Weakly supervised video anomaly detection (WS-VAD) plays a pivotal role in advancing intelligent surveillance systems within the field of computer vision. Despite significant research, WS-VAD continues to face challenges, particularly with unimodal approaches that struggle to extract meaningful features effectively. A few research studies have been done on the multimodal dataset fusion-based WS-VAD system, and their performance accuracy is unsatisfactory. In response, we propose a novel WS-VAD system leveraging multimodal datasets with an attention-enhanced feature fusion approach to address these challenges. Our system integrates three distinct data modalities—RGB video, optical flow, and audio signals—where each stream extracts complementary spatial and temporal features using an enhanced attention module to improve the detection accuracy and robustness. In the RGB video stream, we employ a multi-stage, attention-driven feature enhancement process to refine spatial and temporal features. This process begins with a ViT-based CLIP module, where the top k features are concatenated with I3D- and TCA-based spatiotemporal features.

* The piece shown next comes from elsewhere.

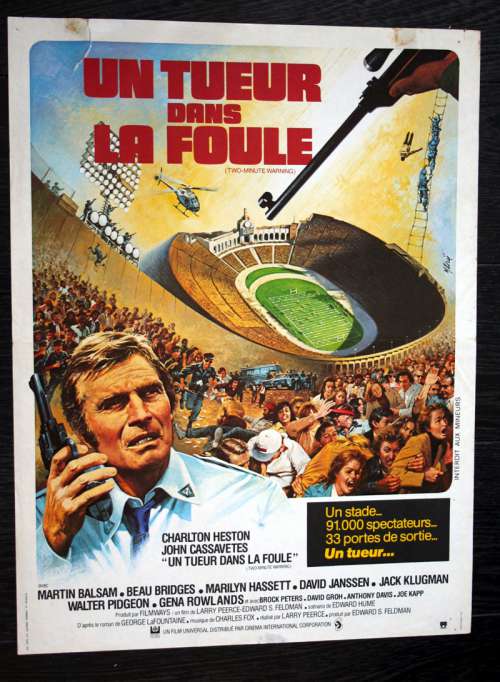 23" x 16" movie poster from TWO-MINUTE WARNING (1976), directed by Larry Peerce with Charlton Heston, John Cassavetes, Martin Balsam, Beau Bridges, Marilyn Hassett, David Janssen (more on the Imdb)

Temporal dependencies are then captured through uncertainty-regulated dual memory units (UR-DMUs), allowing the simultaneous learning of normal and anomalous patterns. The final stage selects the most relevant features, yielding a refined representation of RGB-based data. The second stream extracts enhanced spatiotemporal features from flow data using a deep learning and attention module. Lastly, the audio stream detects anomalies in sound patterns through an attention module integrated with the VGGish model, capturing auditory cues. The fusion of these three streams captures motion and audio signals often missed by visual analysis alone, significantly enhancing anomaly detection accuracy and robustness. Our multimodal fusion achieves an average precision (AP) of 88.28% on the XD-Violence dataset, outperforming prior models by nearly 2%, and attains AUCs of 98.71% on the ShanghaiTech dataset and 90.26% on the UCF-Crime dataset. These results underscore the effectiveness of our approach, consistently surpassing existing methods across three benchmark datasets and validating its robustness in WS-VAD applications.

查看原文本刊更多论文

基于多模态注意力增强特征融合的弱监督异常暴力检测

弱监督视频异常检测（WS-VAD）在推进计算机视觉领域的智能监控系统中起着举足轻重的作用。尽管进行了大量的研究，WS-VAD仍然面临着挑战，特别是在单模方法难以有效地提取有意义的特征方面。对基于多模态数据集融合的WS-VAD系统进行了一些研究，但其性能精度并不理想。作为回应，我们提出了一种新的WS-VAD系统，利用多模态数据集和注意力增强的特征融合方法来解决这些挑战。我们的系统集成了三种不同的数据模式- rgb视频，光流和音频信号-其中每个流使用增强的注意力模块提取互补的空间和时间特征，以提高检测精度和鲁棒性。在RGB视频流中，我们采用多阶段、注意力驱动的特征增强过程来细化空间和时间特征。这个过程从一个基于vit的CLIP模块开始，其中最上面的k个特征与基于I3D和tca的时空特征相连接。然后通过不确定性调节双记忆单元（ur - dmu）捕获时间依赖性，允许同时学习正常和异常模式。最后阶段选择最相关的特征，生成基于rgb的数据的精细化表示。第二个流使用深度学习和注意力模块从流数据中提取增强的时空特征。最后，音频流通过与VGGish模型集成的注意力模块检测声音模式中的异常，捕捉听觉线索。这三种流的融合捕获了经常被视觉分析遗漏的运动和音频信号，显著提高了异常检测的准确性和鲁棒性。我们的多模态融合在XD-Violence数据集上实现了88.28%的平均精度（AP），比之前的模型高出近2%，在ShanghaiTech数据集上实现了98.71%的aus，在UCF-Crime数据集上实现了90.26%的aus。这些结果强调了我们方法的有效性，在三个基准数据集上始终优于现有方法，并验证了其在WS-VAD应用程序中的鲁棒性。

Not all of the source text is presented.